● **Action item**
Below are records; the lines starting at the one with "Tento ručně vyrobený" and ending at the one with "女子向けラノベタイトル風あだ名 | 『しましょうが死なない童話 林檎のしましょうの診療簿』 |" must be reproduced exactly, both included. Pictures must not appear.

● **Exercise input**
· · · · · · ·

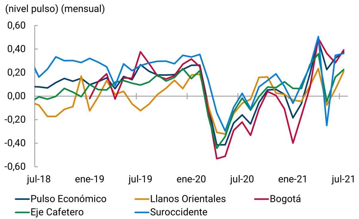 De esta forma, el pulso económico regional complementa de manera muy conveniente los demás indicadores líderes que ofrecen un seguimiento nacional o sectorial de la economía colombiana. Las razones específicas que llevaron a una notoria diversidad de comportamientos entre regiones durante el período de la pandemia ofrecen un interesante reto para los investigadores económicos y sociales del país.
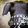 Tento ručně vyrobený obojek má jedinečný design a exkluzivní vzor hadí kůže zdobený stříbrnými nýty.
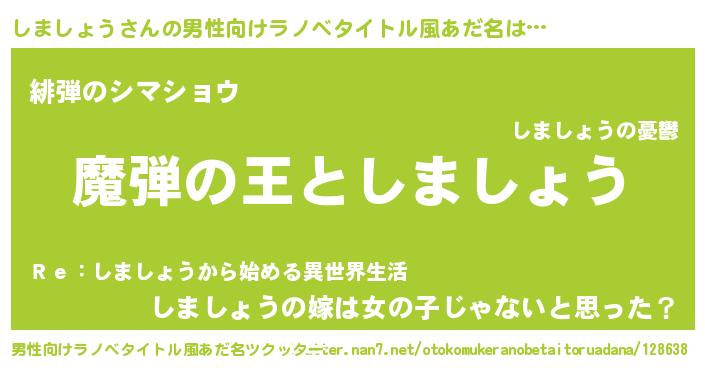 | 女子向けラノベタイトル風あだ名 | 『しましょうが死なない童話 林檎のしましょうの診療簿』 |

· · · · · · ·

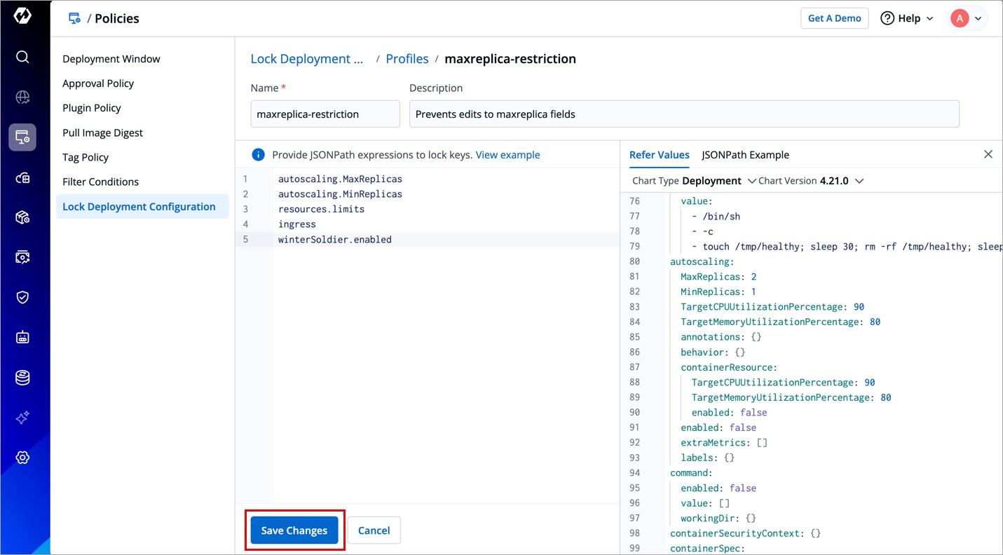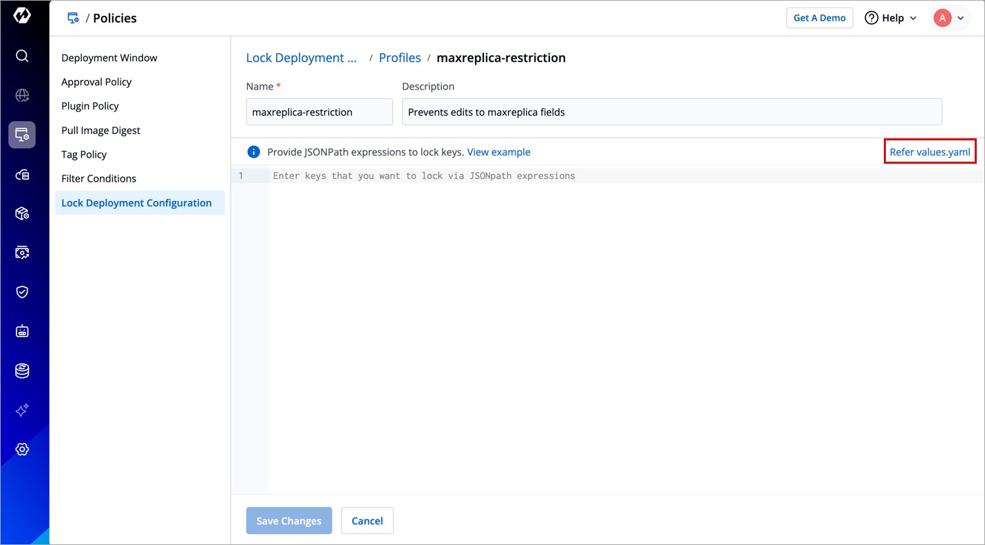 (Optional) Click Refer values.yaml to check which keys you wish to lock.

· · · · · · ·

● **Solution for this exercise**
 Tento ručně vyrobený obojek má jedinečný design a exkluzivní vzor hadí kůže zdobený stříbrnými nýty.
 | 女子向けラノベタイトル風あだ名 | 『しましょうが死なない童話 林檎のしましょうの診療簿』 |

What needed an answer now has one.